Construction commenced in 1998 on a site at the Observatorio del Roque de los Muchachos that's just up the mountain from the building where I was overnighting. Therefore, because my room faced the summit of the island, the enclosure housing the world's largest telescope dominated the view
through my window. Due to the absence of familiar nearby objects, it's somewhat difficult to grasp the building's size- it's huge! Standing at the height of a 14-story office building, the telescope's dome
would prevail over the skyline of most cities. My excitement immediately started to elevate when I saw the GTC out my window because I knew that David had arranged for a private insider tour during our three day observing run!
- The GTC's optical tube assembly is gigantic- 85-feet (26m.) from the floor to the tip of the secondary assembly and 45-feet (13.6m.) from side to side.
Constructed at a price that's estimated to approach USD$200 million, the GTC stands 85 feet from the bottom of its altazimuth mount to the tip of its zenith facing secondary mirror and its optical truss assembly spans almost 45 feet!. Even though I have studied the telescope in countless photographs and viewed it live with the Observatory's 24X7 web-cam
, I was unprepared for the scale of the instrument when I walked through the door into the room where this beast resides- it's gigantic! It reminded me of my boyhood visit to the Vehicle Assembly Building at the Kennedy Space Center when the Apollo 12 launch vehicle stood fully assembled. Of course, even though a Saturn V moon rocket stands over twice as tall as, what is now, the world's largest telescope, I was nonetheless overwhelmed by the GTC's complexity and dimensions!
- A flea's perspective- the author stands at the GTC's base.
- Photo credit: Julio Carballo Bello
The great telescope's first light
took place on July 13, 2007 but on the day of my visit, the scope was still a few months from regular operations- several more segments of the Primary mirror were yet to be installed and tested. When fully assembled, the GTC will possess a Primary mirror that measures 34 feet across- over twice the diameter of the venerable Hale Telescope on Mt. Palomar and over a foot wider than either of the twin Keck instruments in Hawaii!
The Primary's light gathering surface is composed of 36 independently controlled hexagonal shaped mirrors each weighing about half a ton, including the weight of their control rigs. When the 36 hexagonal segments are united, the Primary mirror will weigh-in at around sixteen tons! Despite this mass, each segment aligns to within three millimeters of those adjacent regardless of the telescope's pointing angle. Working in concert, they form a single, precision optical unit that will intensify starlight four million times brighter than seen by the unaided human eye.
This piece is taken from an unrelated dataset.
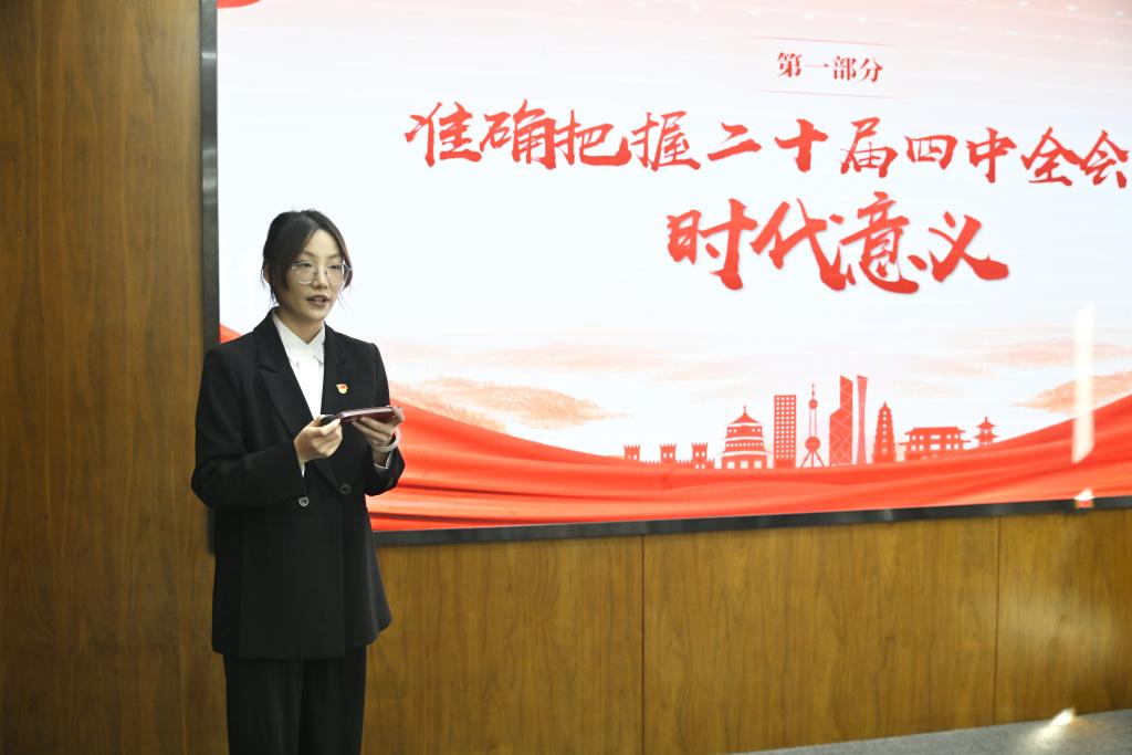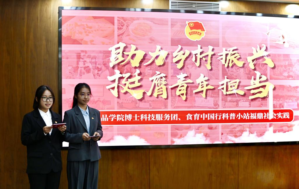 本科生第一党支部党员、食科2202班曾美怡同志以《深学全会精神 凝聚复兴伟力》为题领学党的二十届四中全会精神,食品AI卓越创新班2401团支部周书涵、李代静以《助力乡村振兴 挺膺青年担当》为题分享汇报青年学子投身乡村振兴的实践路径与青春感悟。

The mirror's ability to resolve separate, closely spaced objects is staggering- for example, its 409 inch diameter would enable a Canary Island observer to distinguish car headlights half a world away in Australia! The thickness of each mirror segment is only slightly over three inches yet each has a polishing deviation no greater than 15 nanometers, or 3,000 times finer than a human hair- if each mirror segment were the size of Spain, the tallest mountain would only be about one millimeter tall!
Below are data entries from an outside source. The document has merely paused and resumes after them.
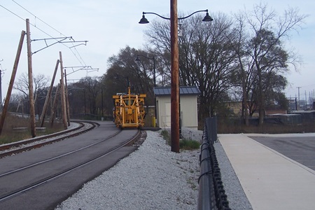 A connection track is available at the station for freight trains connecting between the South Shore and the CSX freight line in Miller. |
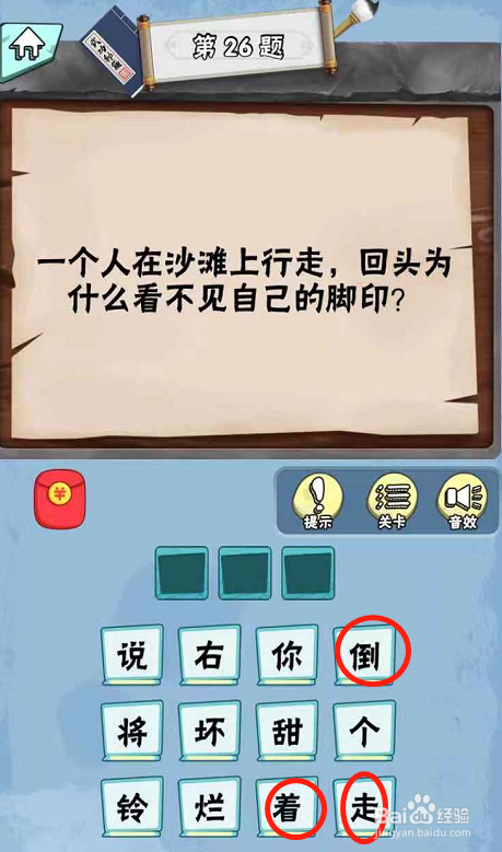 在第二十六关内,提问当一小我在沙岸上行走的时辰,回头为什么看不见本身的脚印。
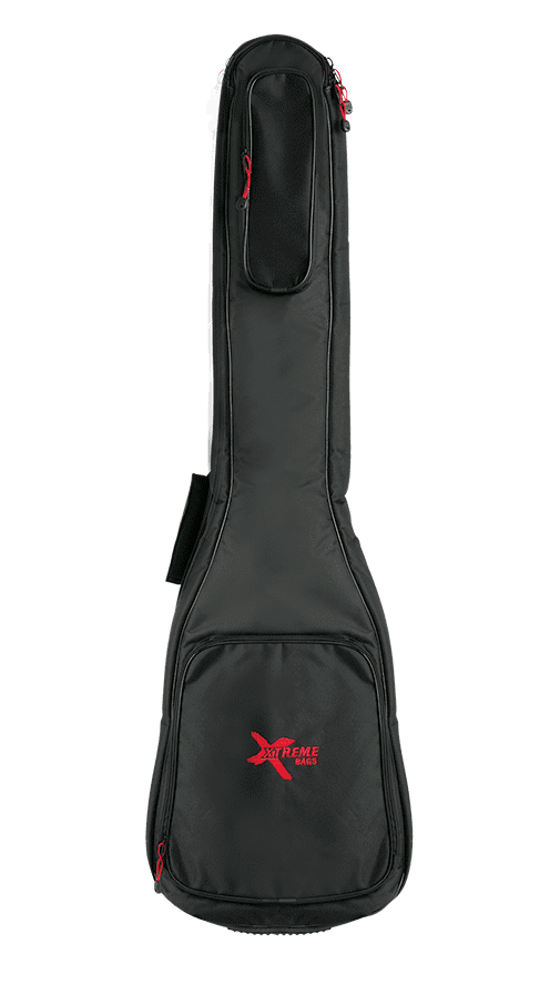 Black heavy duty nylon waterproof yarn. 10mm sponge padded and lined. Reinforced at headstock and bridge. Heavy duty full length zip. 2 accessory/music pockets. Cross stitched, cushioned carry handle. 2 adjustable shoulder straps with comfort pads. Moisture resistant bottom with rubber tread. Toggles to all zips. Embroidered Xtreme logo.
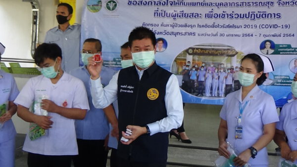 ที่สำนักงานสาธารณสุขจังหวัดตรัง อ.เมืองตรัง นายขจรศักดิ์ เจริญโสภา ผู้ว่าราชการจังหวัดตรัง เป็นประธานในพิธีส่งและให้กำลังใจทีมเฝ้าระวังเชิงรุกจังหวัดตรังไปปฏิบัติหน้าที่ที่จังหวัดสมุทรสาคร ณ สำนักงานสาธารณสุขจังหวัดตรัง อ.เมืองตรัง ตามที่เกิดการแพร่ระบาดของโรคติดเชื้อไวรัสโคโรนา 2019 (COVID-19) ในประเทศไทย โดยเฉพาะในพื้นที่เขตสุขภาพที่ 5 คือ จังหวัดสมุทรสาคร หลังพบการแพร่ระบาดโควิด-19 รอบใหม่ ขยายวงกว้างเพิ่มขึ้นในเวลาอันรวดเร็ว โดยเฉพาะกลุ่มแรงงานต่างด้าว ทำให้บุคลากรในการตรวจคัดกรองเฝ้าระวังเชิงรุกไม่เพียงพอต่อการปฏิบัติหน้าที่ ดังนั้นสำนักงานสาธารณสุขจังหวัดตรังได้จัดส่งทีมเฝ้าระวังเชิงรุกไปปฏิบัติงาน จำนวน 8 คน ระหว่างวันที่ 30 มกราคม – 7 กุมภาพันธ์ 2564 ประกอบด้วย แพทย์ พยาบาล เจ้าหน้าที่สาธารณสุข และสหวิชาชีพ ทั้งนี้ ผู้ว่าราชการจังหวัดตรัง ได้กล่าวว่า วันนี้จังหวัดตรังได้ส่งบุคลากรทางการแพทย์ และพยาบาลไปช่วยปฏิบัติการค้นหาเชิงรุกในพื้นที่จังหวัดสมุทรสาคร ซึ่งจังหวัดตรังได้ส่งบุคลากรไป 8 ท่าน ทั้ง 8 คนมีกำลังใจที่ดีและมีความตั้งใจที่จะไปช่วยเหลือพี่น้องชาวจังหวัดสมุทรสาคร วันนี้ก็มีทีมบุคลากรของสาธารณสุขจังหวัดตรังได้มาร่วมส่งทีมที่จะไปจังหวัดสมุทรสาครก็ต้องเรียนว่าทั้ง 8 คนเต็มใจและมีองค์ความรู้ที่จะไปช่วยในระยะเวลาที่กำหนดจนถึงวันที่ 7 กุมภาพันธ์ วันนี้ผมก็ได้มาให้กำลังใจน้อง ๆ ทั้ง 8 คนและอวยพรให้น้อง ๆ ซึ่งเขาเป็นวีรบุรุษชุดขาวของจังหวัดตรัง เราให้ครุฑซึ่งเป็นเครื่องรางแสดงถึงพลังอำนาจ แสดงถึงการที่มีบารมีในเรื่องของการที่ไปทำงานแล้วกลับมาด้วยความปลอดภัย ซึ่งคิดว่าเป็นการสร้างขวัญและกำลังใจให้บุคลากรทั้ง 8 คน แต่อย่างไรก็ตามในการไปปฏิบัติครั้งนี้ก็ขอขอบคุณในน้ำใจไมตรีที่แบ่งปันช่วยเหลือ และแสดงออกถึงความมีน้ำใจ ความเสียสละ ในยามที่เกิดวิกฤติการแพร่ระบาดของโรคโควิด-19 อีกทั้งได้เน้นย้ำให้ทุกคนปฏิบัติหน้าที่อย่างเต็มกำลังความสามารถพร้อมทั้งดูแลตนเองให้ปลอดภัยจากโรคโควิด-19
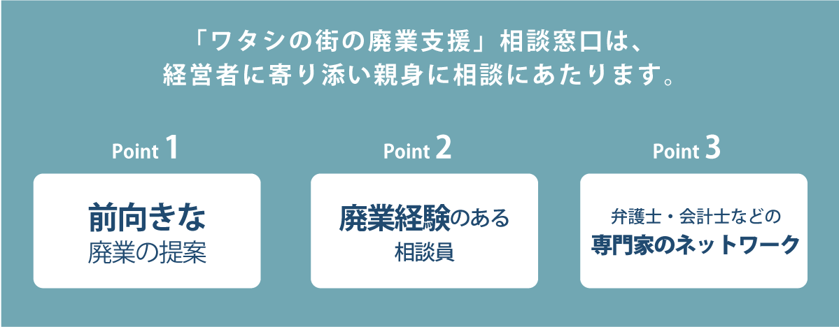 私たちが廃業を考える経営者・事業者の伴走者となり不安や悩みの相談にあたります。
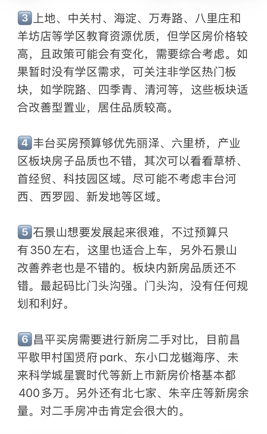 3️⃣上地、中关村、海淀、万寿路、八里庄和羊坊店等学区教育资源优质,但学区房价格较高,且政策可能会有变化,需要综合考虑。如果暂时没有学区需求,可关注非学区热门板块,如学院路、四季青、清河等,这些板块适合改善型置业,居住品质较高。
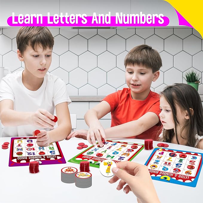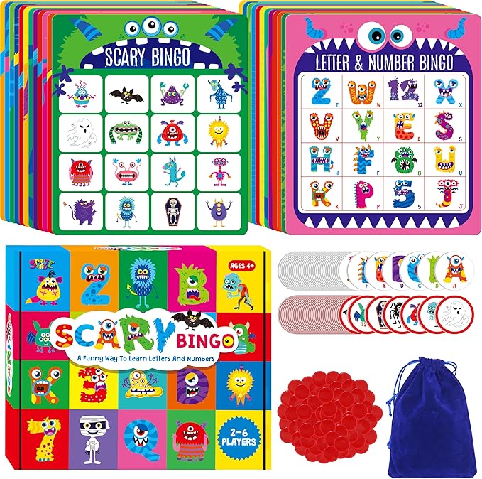 - Excellent Gift: A great tool for parents to give their children preschool education and a little help in the teacher's classroom. Perfect for alphabet parties, family gatherings, and class activities. Playing a bingo game will be a good way for kids to make friends and get families closer. Try the scary bingo game right away.

- Temporarily stored in a protected holding room, primary mirror segments await mounting- each is approximately 6-feet in diameter.
The mirror segments are composed of Zerodur, a glass ceramic that possesses an incredibly small coefficient of expansion- which means it doesn't change shape when subjected to wide temperature ranges. This is extremely important for astronomical telescopes because they can't be used for serious research until their optics have reached the same temperature as the surrounding air each night.
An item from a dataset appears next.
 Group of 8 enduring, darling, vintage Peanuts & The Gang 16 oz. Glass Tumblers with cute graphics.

The optical acuity of the GTC is critical if it's to perform its mission of peering back to a time that's close to the Universe's origin. Therefore, adaptive optic sensors will be used with each of the mirror panels to keep them perfectly aligned. This will also compensate for atmospheric turbulence and remove the shimmering effect that makes stars twinkle- in essence, the column of air along the telescope's view will appear motionless regardless of its actual speed or agitation. Adaptive optics technology, originally developed for military spy satellites, was de-classified at the end of the cold war and is now in common use at the world's leading telescopes.